Apparently, the cache location is different in the Pipeline.run method before and after calling the super().run, since the signature is updated, and it modifies the path, so that the pipeline.log is dumped in one directory (signature calculated before super().run) and then the rest of the files into another one (signature calculated after super().run).

To Reproduce

import time

from distilabel.llms import LlamaCppLLM, OpenAILLM
from distilabel.pipeline import Pipeline
from distilabel.steps import KeepColumns, LoadHubDataset, PushToHub
from distilabel.steps.combine import CombineColumns
from distilabel.steps.generators.data import LoadDataFromDicts
from distilabel.steps.tasks import TextGeneration, UltraFeedback

if __name__ == "__main__":
    start_time = time.time()

    with Pipeline(name="ultrafeedback-dpo") as pipeline:
        load_dataset = LoadHubDataset(
            name="load_dataset",
            output_mappings={"prompt": "instruction"},
        )

        text_generation_zephyr = TextGeneration(
            name="text_generation_zephyr",
            llm=LlamaCppLLM(
                model_path="./models/zephyr-7b-beta.Q4_K_M.gguf",  # type: ignore
                n_gpu_layers=-1,
                n_ctx=1024,
            ),
            input_batch_size=10,
            output_mappings={"model_name": "generation_model"},
        )
        load_dataset.connect(text_generation_zephyr)

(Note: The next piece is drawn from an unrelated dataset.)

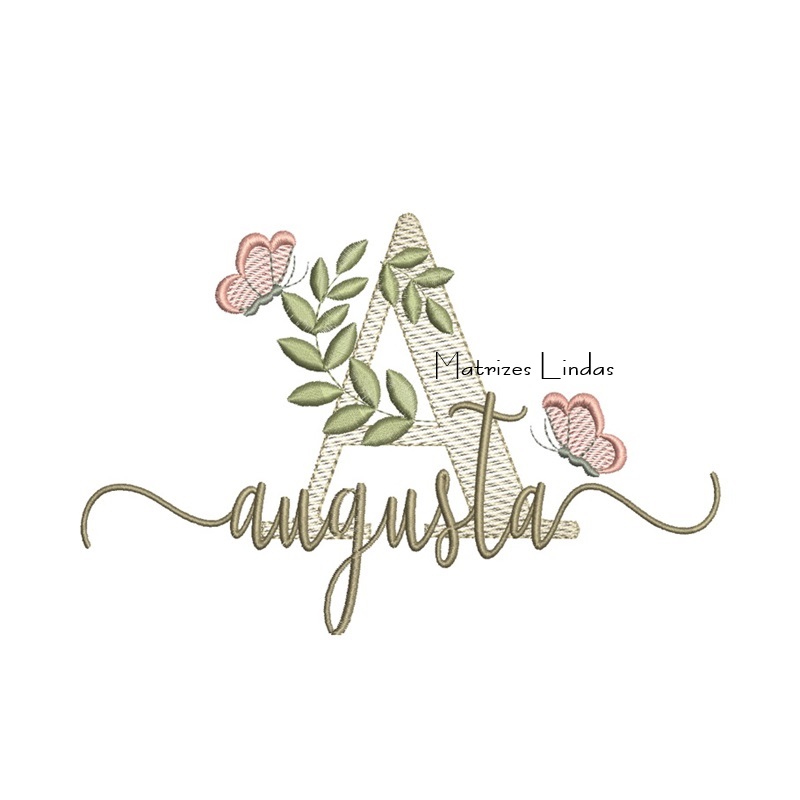 Matriz de Bordado Nome Augusta folhas e Borboletas

        text_generation_gemma = TextGeneration(
            name="text_generation_gemma",
            llm=LlamaCppLLM(
                model_path="./models/gemma-7b-it-Q4_K_M.gguf",  # type: ignore
                n_gpu_layers=-1,
                n_ctx=1024,
            ),
            input_batch_size=10,
            output_mappings={"model_name": "generation_model"},
        )
        load_dataset.connect(text_generation_gemma)

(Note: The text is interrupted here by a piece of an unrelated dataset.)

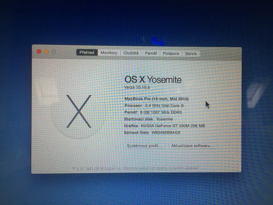 Prodám MacBook Pro 15,mid 2010, 2,4GHz, intel core i5, pameť 8gb, grafika Nvidia Ge Force GT 330M 256MB… nová baterie !!!

        combine_columns = CombineColumns(
            name="combine_columns",
            columns=["generation", "generation_model"],
            output_columns=["generations", "generation_models"],
        )
        text_generation_zephyr.connect(combine_columns)
        text_generation_gemma.connect(combine_columns)

        ultrafeedback = UltraFeedback(
            name="ultrafeedback",
            llm=OpenAILLM(
                model="gpt-4",
                api_key="sk-...",  # type: ignore
            ),
            aspect="overall-rating",
            input_batch_size=10,
            output_mappings={"model_name": "ultrafeedback_model"},
        )
        combine_columns.connect(ultrafeedback)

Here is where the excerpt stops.